'Being Jewish' and 'Being German' in Love Relationships in Contemporary Germany
Author: Ina Schaum, email@example.com
University: Goethe University Frankfurt am Main, Germany
Supervisor: Prof. Helma Lutz, Prof. Lena Inowlocki
Year of completion: In progress
Language of dissertation: English
, Jewish studies
, Biography research
Areas of Research:
Biography and Society
, Racism, Nationalism and Ethnic Relations
The focus of my PhD project is the development of a feminist theory of love relationships as sites where identities, belongings and differences are (de)constructed and negotiated – and particularly in Germany’s post-National Socialist society. The specific intersectionally constituted identities and differences – and the entangled histories that connect them – will be empirically reconstructed by the conduction and subsequent analysis of biographical-narrative interviews with young Jewish adults who are asked to tell their life story and relate it to experiences in love relationships.

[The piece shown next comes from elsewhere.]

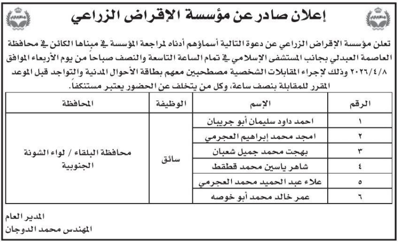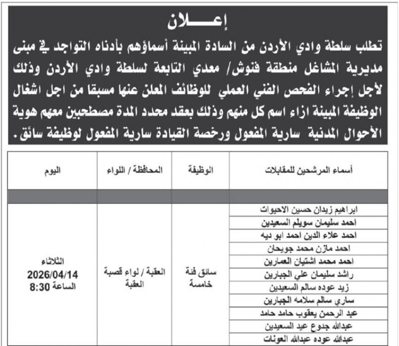 خبرني - أعلنت مؤسسات وشركات حكومية اليوم الاثنين عن حاجتها لتعبئة شواغر مختلفة، فيما اعلنت اخرى عن دعوة اشخاص لاجراء المقابلات الشخصية، والفحص الطبي للوظيفة.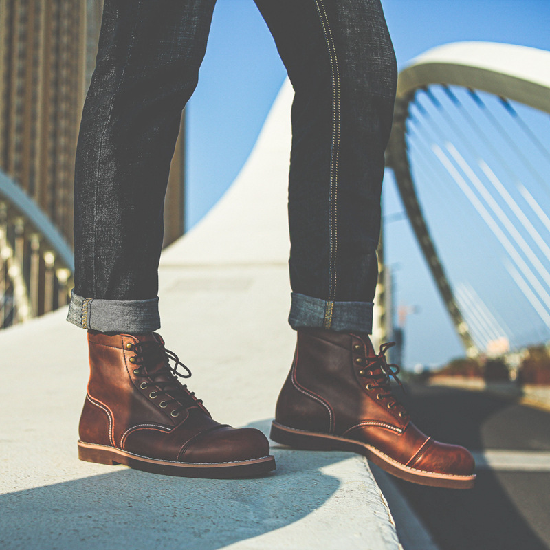 Retro Cowhide Martin Boots Men's Oil Wax Leather Military Boots Worker Boot

The dissertation has two starting points. The first is to turn to love as an independent research focus of feminist analysis. In love relationships, gender relations and other differences and inequalities are (re)produced, altered, abandoned or legitimized. At the same time, love can also be a creative and liberating force (e.g. hooks 2000). Thus, gender in intersection with other sociocultural categorization will be the category of analysis. The second point of departure is psychoanalyst Kurt Grünberg (2006: 42) observation in his analysis of the experience of “the second generation”, the children of Shoah survivors in Germany that love relationships probably represent the most intimate contact between former victims and perpetrators of the Shoah, a contact that takes place in a very concrete and embodied way. Furthermore, historian Dagmar Herzog (2005) posits that sexuality is a key site for managing the memories and legacies of National Socialism and the Shoah after 1945. In the relationships, not only the partners meet but also their respective families’ pasts. Against the background of the Shoah and the Nuremberg Laws of 1935, which included the so-called "blood protection law" and the prohibition of marriages and sexual intercourse between Jews and non-Jews, the question arises which affects, emotions and memories are passed on to subsequent generations and how intimate relationships and love relationships are (not) influenced by it. Today approximately half to two-thirds of Jews in Germany choose non-Jewish life partners and the Jewish community diversified and increased in number. The arrival of so-called “quota refugees” from countries of the former Soviet Union in the 1990s as well as the migration of Israelis to Germany since the 2000s significantly changed the composition of Jewish communities in Germany and of family narratives, memories and migration stories that shape Jewish life in Germany. The two starting points will be brought together in order to adopt a critical, intersectional feminist perspective on love as well as on the identity and difference constructions and to conceptualize love relationships as sites of Gegenwartsbewältigung and in Dagmar Herzog’s (2019: 73) sense as “a doubleness”: “It's about the thing itself and it's about more. Much, consciously and unconsciously, is co-processed”.
Moreover, ethical considerations are to be developed with regard to theoretization processes, methods and representation of research results in relation to the conditions of representation in a post-National Socialist society on the one hand and a feminist epistemology of situated knowledge on the other hand. A reflective and self-critical positioning of myself as a (non-Jewish) researcher is thus required.